What you are asked to do:
Reproduce exactly the first line of the material below and every line after it, ending with the line that contains "Experte des sujets". No pictures should be copied.

### Given material ###

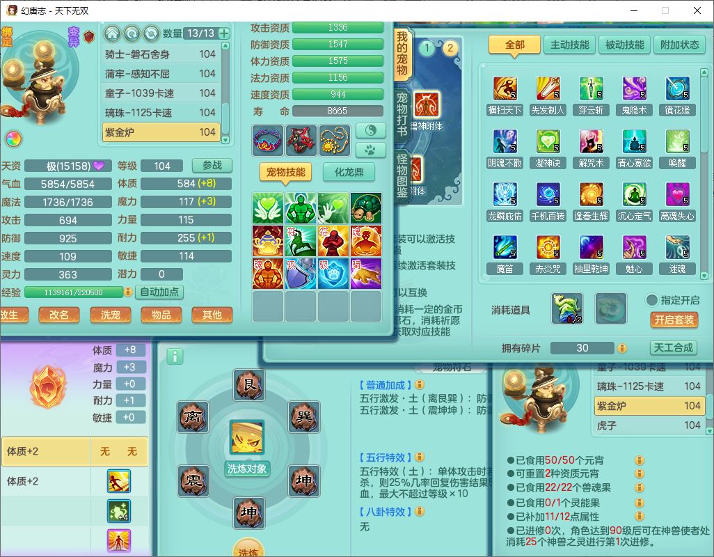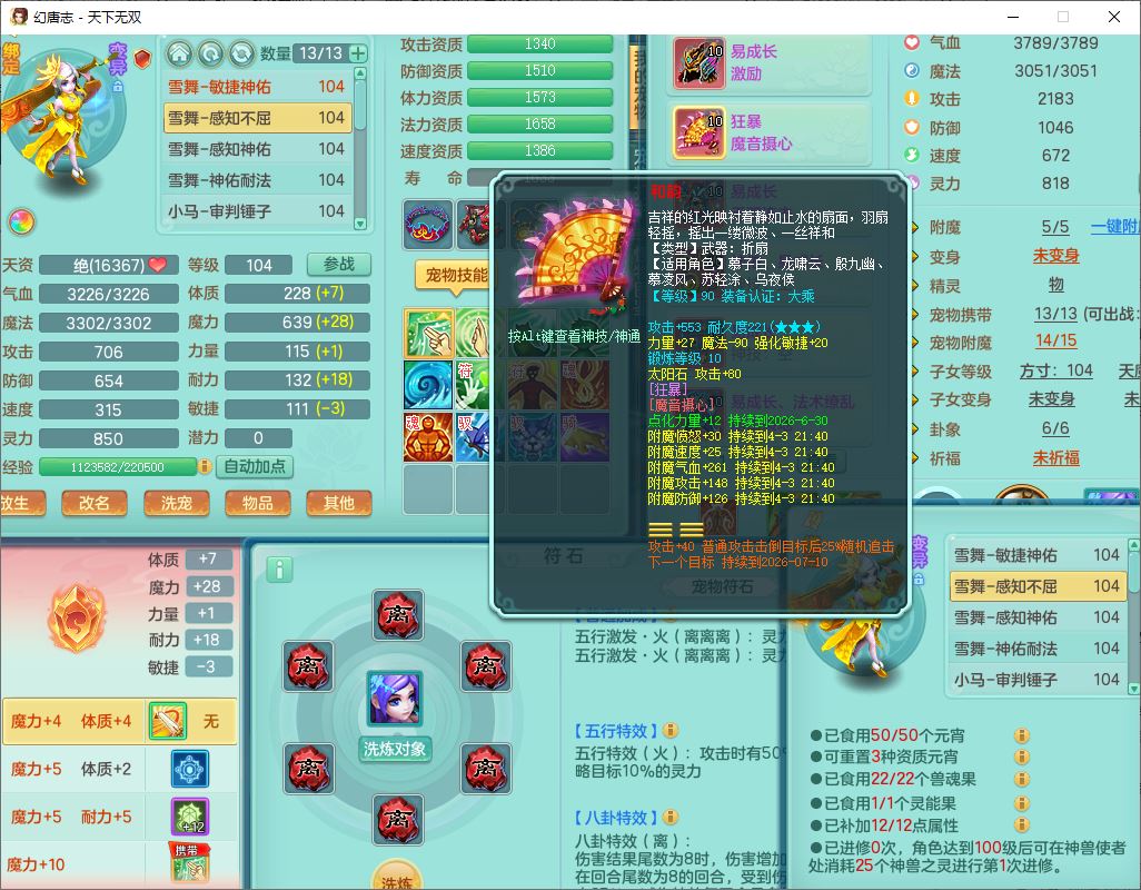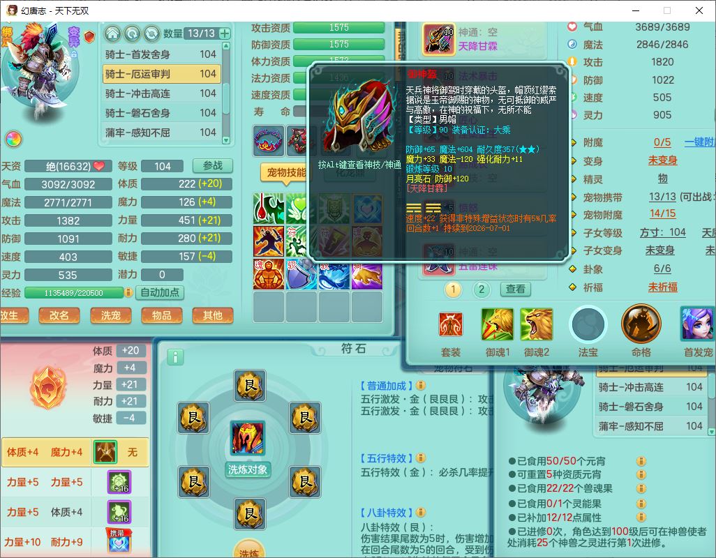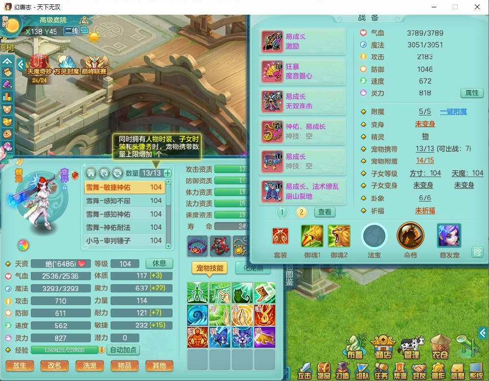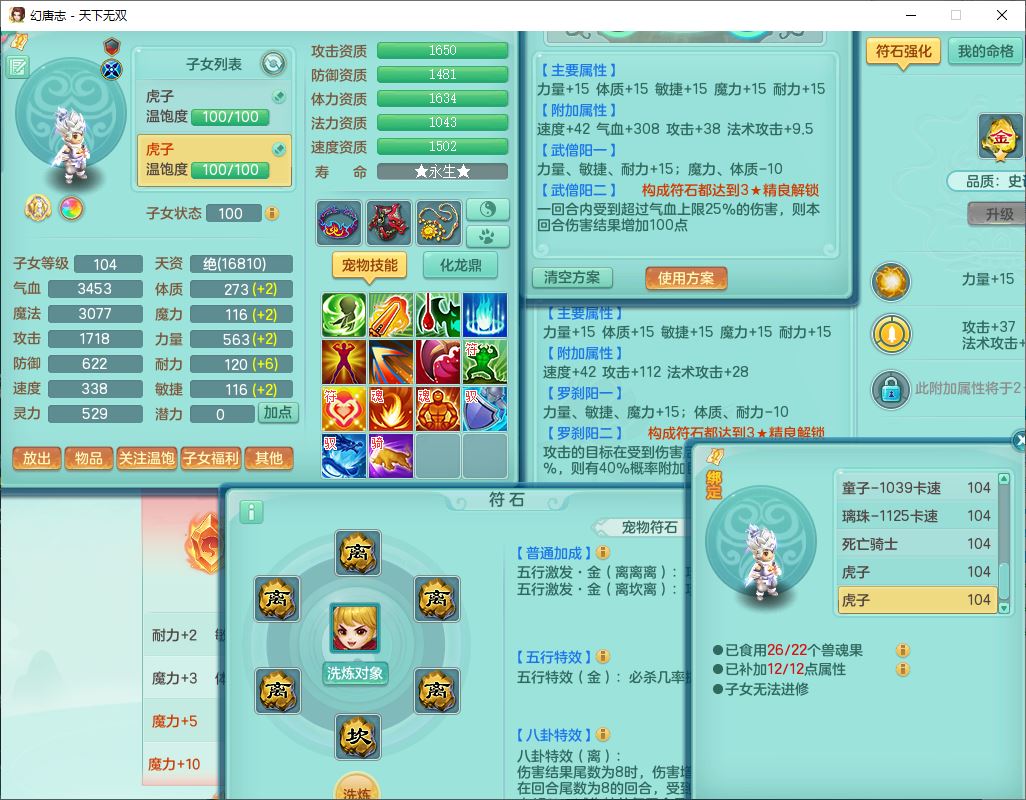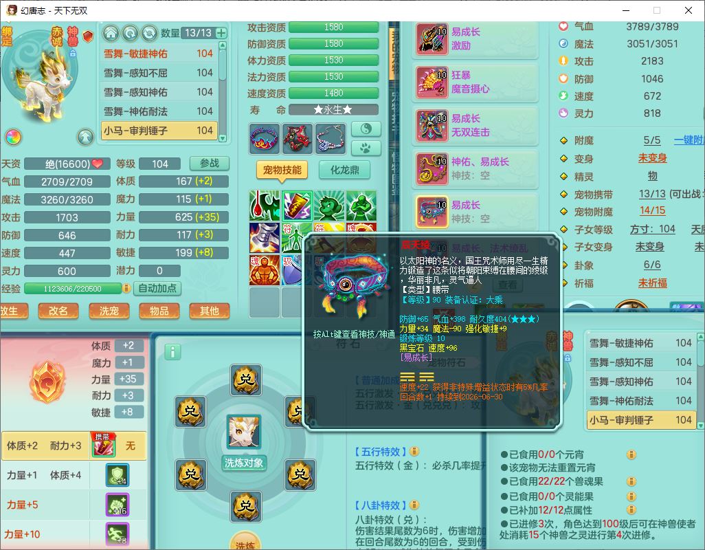 tx10146天下无双99男万兽【准潜龙号,差1只宝宝3条小附加】力敏、体敏、全魔精灵,1内丹龙马4翻江5舍身1童子1金炉,11觉醒8六字2五字9四字24只满果子,12红装备,Y激励帽子,狂暴魔音武器,Y破血衣服,神佑Y项链,Y法缭崩山鞋子,一套法系装备,法爆武器,匠心慈航衣服,162单加Y项链,五雷鞋子,鼎2.5+42+168,3套符石,永久外观、精灵皮肤,20个仙兽灵,48个内丹碎片,3坐骑(1双人飞行),带150奶粉
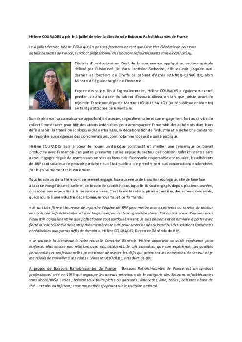 Experte des sujets liés à l’agroalimentaire, Hélène COURADES a également exercé pendant six ans au sein du cabinet d'avocats Alinea, en tant que juriste, avant de rejoindre l’ancienne députée Martine LEGUILLE-BALLOY (La République en Marche) en tant qu’attachée parlementaire.
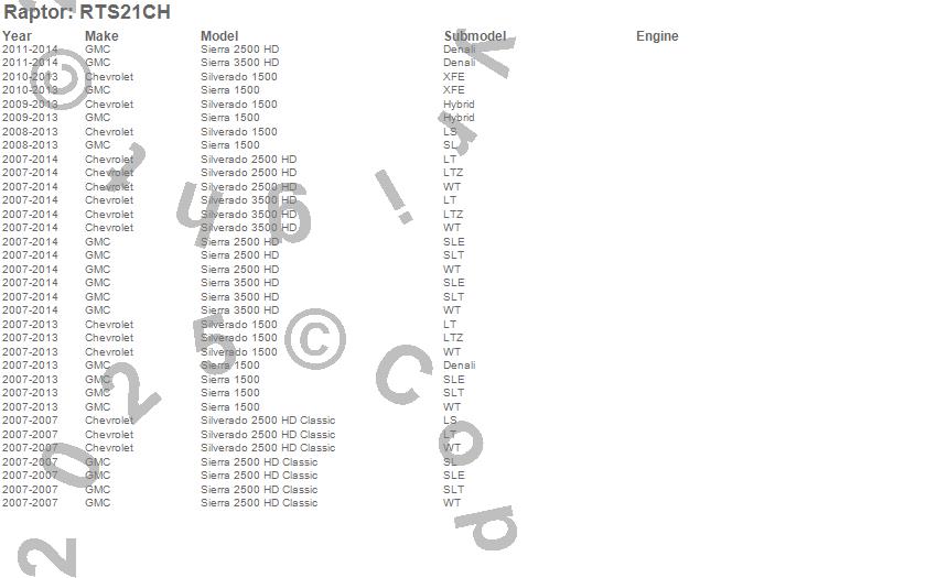 Below is an abbreviated list of applications for the RT Steps.Sierra 1500, Sierra 2500 HD, Sierra 2500 HD Classic, Sierra 3500 HD, Silverado 1500, Silverado 2500 HD, Silverado 2500 HD Classic, Silverado 3500 HD, Chevrolet, GMC, 2014, 2013, 2012, 2011, 2010, 2009, 2008, 2007

###

Answer to this task:
 tx10146天下无双99男万兽【准潜龙号,差1只宝宝3条小附加】力敏、体敏、全魔精灵,1内丹龙马4翻江5舍身1童子1金炉,11觉醒8六字2五字9四字24只满果子,12红装备,Y激励帽子,狂暴魔音武器,Y破血衣服,神佑Y项链,Y法缭崩山鞋子,一套法系装备,法爆武器,匠心慈航衣服,162单加Y项链,五雷鞋子,鼎2.5+42+168,3套符石,永久外观、精灵皮肤,20个仙兽灵,48个内丹碎片,3坐骑(1双人飞行),带150奶粉
 Experte des sujets liés à l’agroalimentaire, Hélène COURADES a également exercé pendant six ans au sein du cabinet d'avocats Alinea, en tant que juriste, avant de rejoindre l’ancienne députée Martine LEGUILLE-BALLOY (La République en Marche) en tant qu’attachée parlementaire.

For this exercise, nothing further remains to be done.